* Requirement *
The pictures in the data below are to be omitted; all else must be duplicated exactly.
--- The data Enclosed Below ---
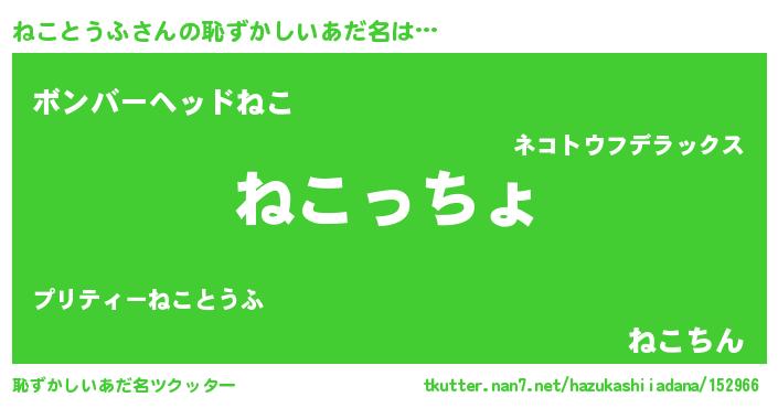 | 欧米人風あだ名 | 『トリンドルねことうふ』 |
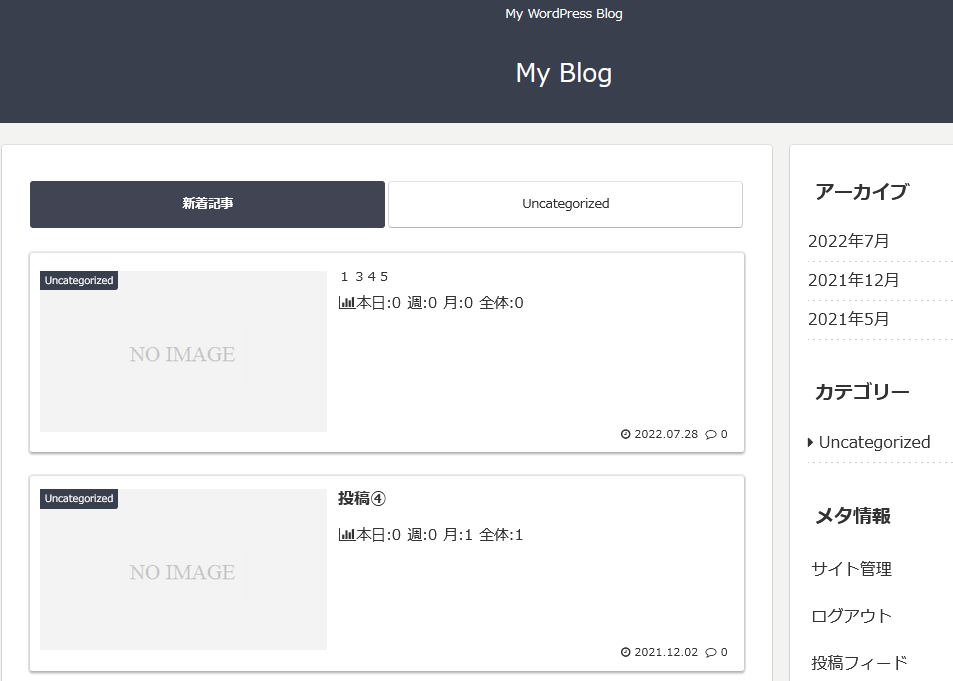 ・投稿日の表示:「有効」 ・コメント数の表示:「有効」 |
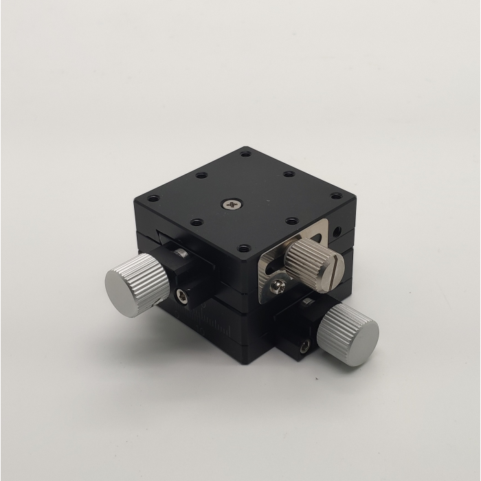 材質:鋁合金黑色陽極處理 檯面尺寸:60 x 60 mm 厚度:17 mm 行程:18 mm 精密螺桿驅動:螺距0.5mm 最小刻度:0.1mm 荷重:4 kgf 重量:0.34 kg 型號: SD60S-L:鎖固螺絲位在左邊 SD60S-R:鎖固螺絲位在右邊
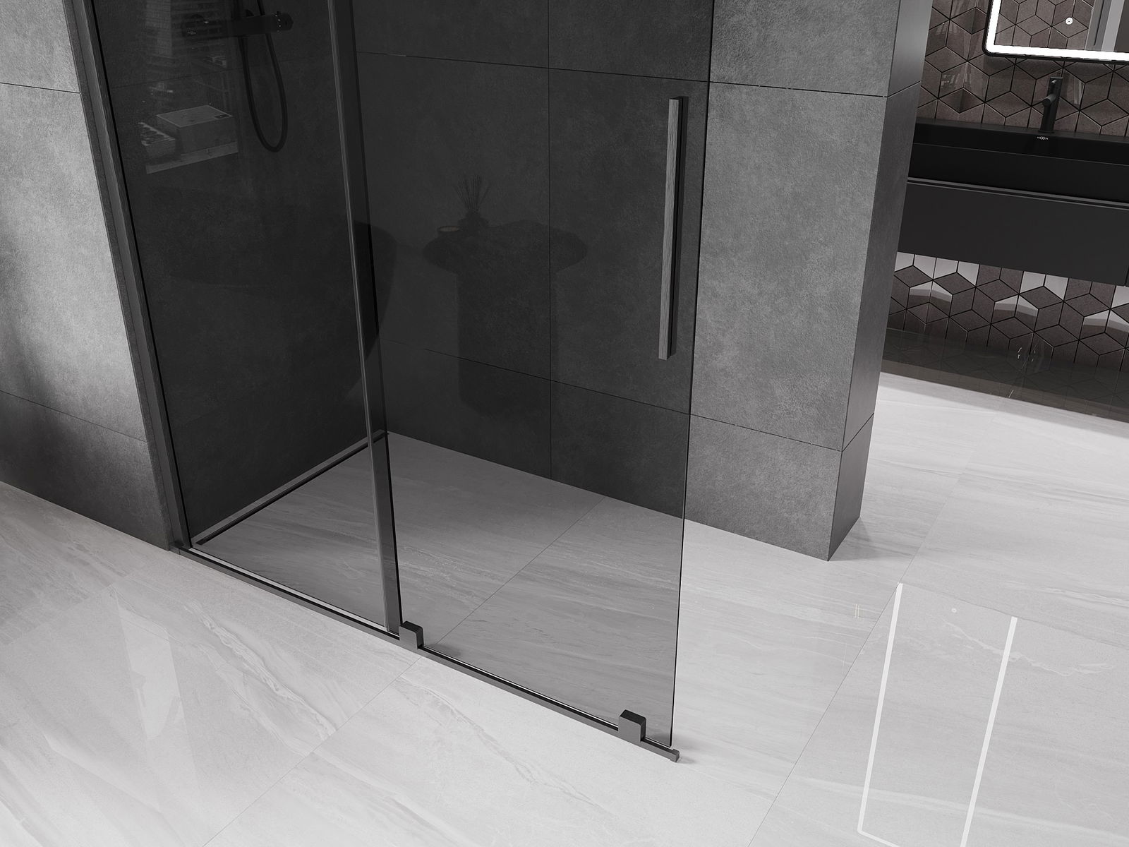 Mexen Velar slankiojanti dušo siena Walk-in 140 x 200 cm, grafitas 8 mm, šepetėliu valytas gun gray - 871-140-000-43-66
--- End of Enclosed The data ---
* Response to this exercise *
 | 欧米人風あだ名 | 『トリンドルねことうふ』 |
 ・投稿日の表示:「有効」 ・コメント数の表示:「有効」 |
 材質:鋁合金黑色陽極處理 檯面尺寸:60 x 60 mm 厚度:17 mm 行程:18 mm 精密螺桿驅動:螺距0.5mm 最小刻度:0.1mm 荷重:4 kgf 重量:0.34 kg 型號: SD60S-L:鎖固螺絲位在左邊 SD60S-R:鎖固螺絲位在右邊
 Mexen Velar slankiojanti dušo siena Walk-in 140 x 200 cm, grafitas 8 mm, šepetėliu valytas gun gray - 871-140-000-43-66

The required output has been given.